Amongst the team are two sisters, Miss Sadie Lloyd (front row holding the football) and Miss Honor Lloyd (second from the right back row). In 1917 the sisters lived at the Blacksmith’s in Woonton. Honor was the grandmother of Pauline Hughes, the football loving secretary at Lady Hawkins’ School. Honor and Sadie both worked in the stores at Rotherwas in what must have been heavy and hard work, not to mention extremely dangerous! The two sisters were amongst more than 900,000 women worked in munitions factories during the First World War. Rotherwas, like most munitions factories, employed a welfare officer to monitor the health, wellbeing and behaviour of their new female work force. Sport, especially football, was encouraged and many munitions factories developed their own ladies football teams. Certainly, the ‘beautiful game’ must have given them a welcome break from the dangers and harsh industrial conditions at Rotherwas in the First World War.

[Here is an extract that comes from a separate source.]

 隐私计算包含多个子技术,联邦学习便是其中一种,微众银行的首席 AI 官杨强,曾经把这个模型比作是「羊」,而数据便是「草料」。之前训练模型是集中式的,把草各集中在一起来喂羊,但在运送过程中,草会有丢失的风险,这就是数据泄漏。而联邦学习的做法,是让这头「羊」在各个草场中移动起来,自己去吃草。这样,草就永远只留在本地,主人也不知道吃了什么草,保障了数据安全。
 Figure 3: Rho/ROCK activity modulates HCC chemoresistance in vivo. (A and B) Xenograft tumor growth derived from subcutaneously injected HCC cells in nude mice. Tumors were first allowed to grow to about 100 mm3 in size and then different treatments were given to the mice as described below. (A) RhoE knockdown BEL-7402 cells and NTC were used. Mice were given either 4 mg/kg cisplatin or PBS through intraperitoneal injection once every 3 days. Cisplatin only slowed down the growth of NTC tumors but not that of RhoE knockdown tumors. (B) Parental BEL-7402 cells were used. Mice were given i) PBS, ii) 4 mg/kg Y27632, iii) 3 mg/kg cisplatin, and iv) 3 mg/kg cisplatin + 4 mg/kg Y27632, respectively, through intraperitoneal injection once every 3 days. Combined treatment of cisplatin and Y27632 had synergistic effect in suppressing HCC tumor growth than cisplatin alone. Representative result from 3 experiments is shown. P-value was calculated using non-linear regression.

Perhaps the newspaper advert that encouraged Sadie and Honor to apply for work at Rotherwas Munitions Factory. Women of Kington could pick up ‘special leaflets giving full details and application forms’ from Mr Swindells of the High Street (a solicitor in Kington) or the Post Office in Presteigne.

Perhaps the newspaper advert that encouraged Sadie and Honor to apply for work at Rotherwas Munitions Factory. Women of Kington could pick up ‘special leaflets giving full details and application forms’ from Mr Swindells of the High Street (a solicitor in Kington) or the Post Office in Presteigne.

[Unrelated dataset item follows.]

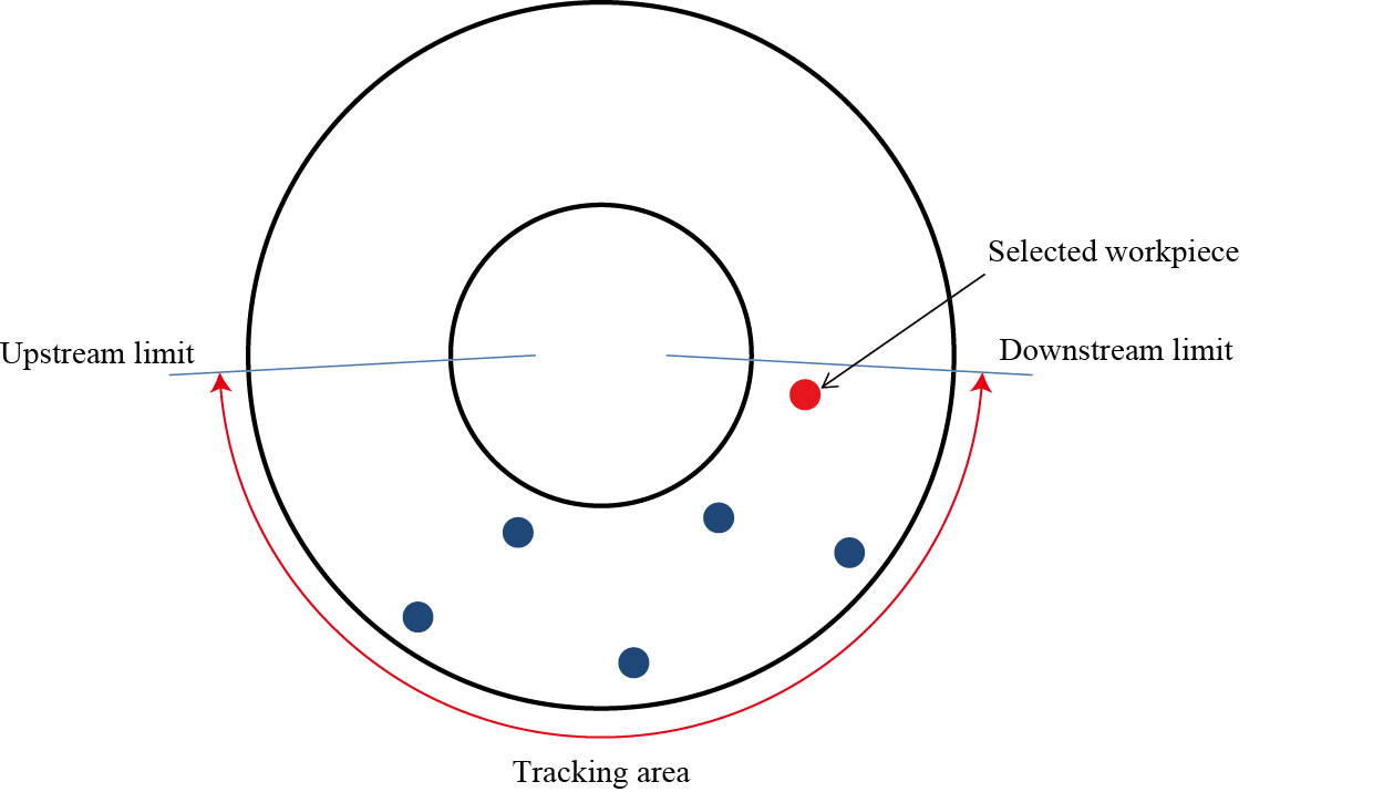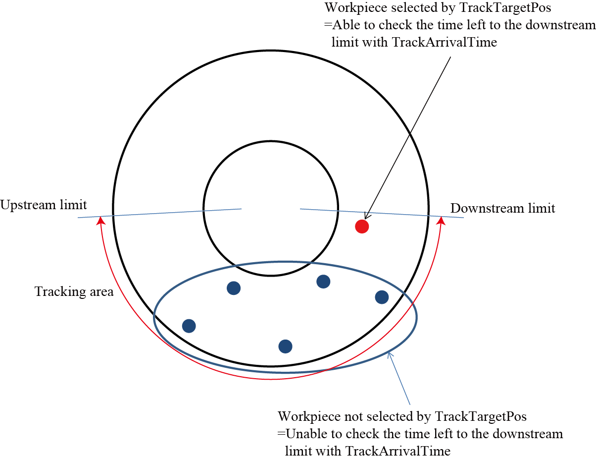 Even if a workpiece does not pass the downstream limit when selected the workpiece with TrackTargetPos command, that downstream limit may be passed while tracking is in progress, and an error may occur.

The Rotherwas “Munitionette” footballers of the Canteen team found a trainer in the young Bert Lucas who worked in the canteen and whose sister (called Margaret and pictured on the extreme right of the front row) was, in Bert’s words, “a very useful inside forward”. The Canteen team had to work hard, and held dances and whist drives at Rotherwas, to raise funds to buy football kit. The team found regular opponents in the women’s teams from the Rotherwas Engineering staff (MID) and from Quedgeley Munitions Factory in Gloucestershire.

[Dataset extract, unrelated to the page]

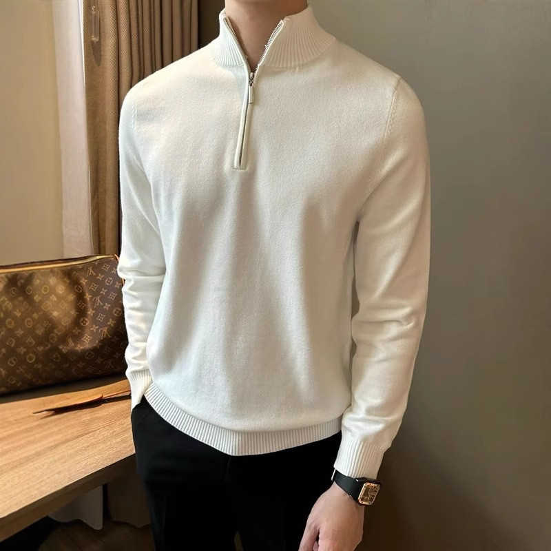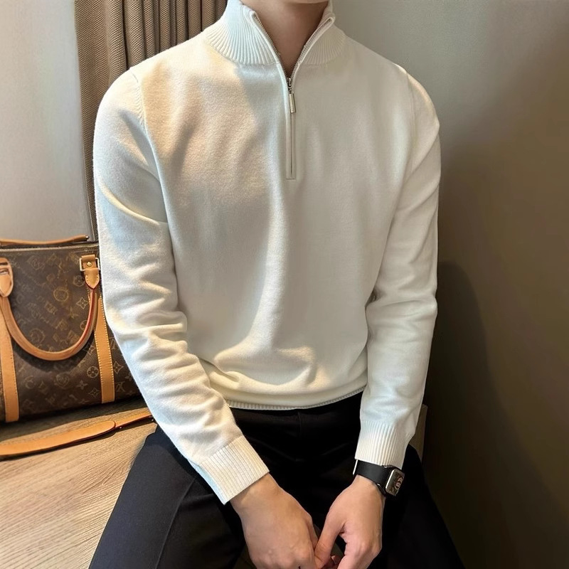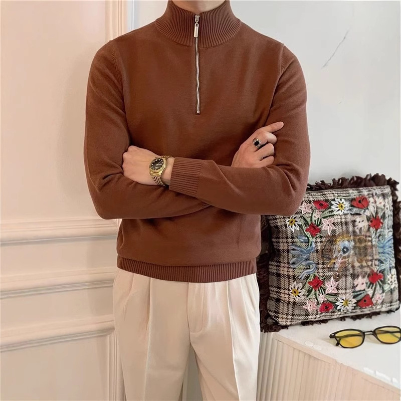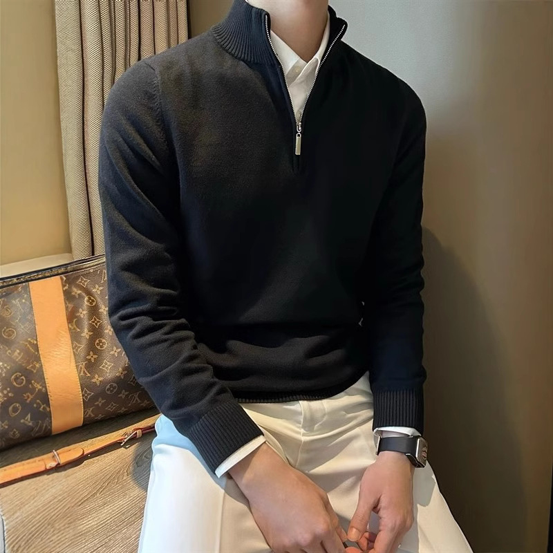 Главная страница > Оптовая продажа мужских свитеров с длинным рукавом, воротником-стойкой на молнии, универсальный трикотаж для осени и зимы.

The footballing Munitionettes were to have their greatest game on Christmas Day 1917. On a crisp, clear Christmas morning at Hereford United’s Edgar Street ground the Rotherwas Canteen team arrived to what was reported as a “great crowd”. Their opponents were the Rotherwas MID team. However, the start was delayed as “most of the girls were too embarrassed to show themselves in their football shorts and nicks, and several of them backed out when they saw the crowd that was waiting to watch the fun”. Though the girls were eventually encouraged out onto the pitch and soon overcame their shyness as the game ensued into a hard fought match. The game was won in the closing minutes when the Canteen team’s inside right, Margaret Lucas, hit the ball into the net.
The match had drawn people from many miles around Hereford and, while the size of the crowd is unknown, had raised considerable sums to buy comforts for the local men in the Herefordshire Regiment.

One of the two canteens at Rotherwas Munitions Factory where some of the team worked.

One of the two canteens at Rotherwas Munitions Factory where some of the team worked.

Honor and Sadie continued working at Rotherwas until after the war. Honor married soon after the war and moved to Kington where she lived for the rest of her life. She never lost her love for the game and Pauline remembers her grandmother kicking a ball around with her grandchildren – aged 90!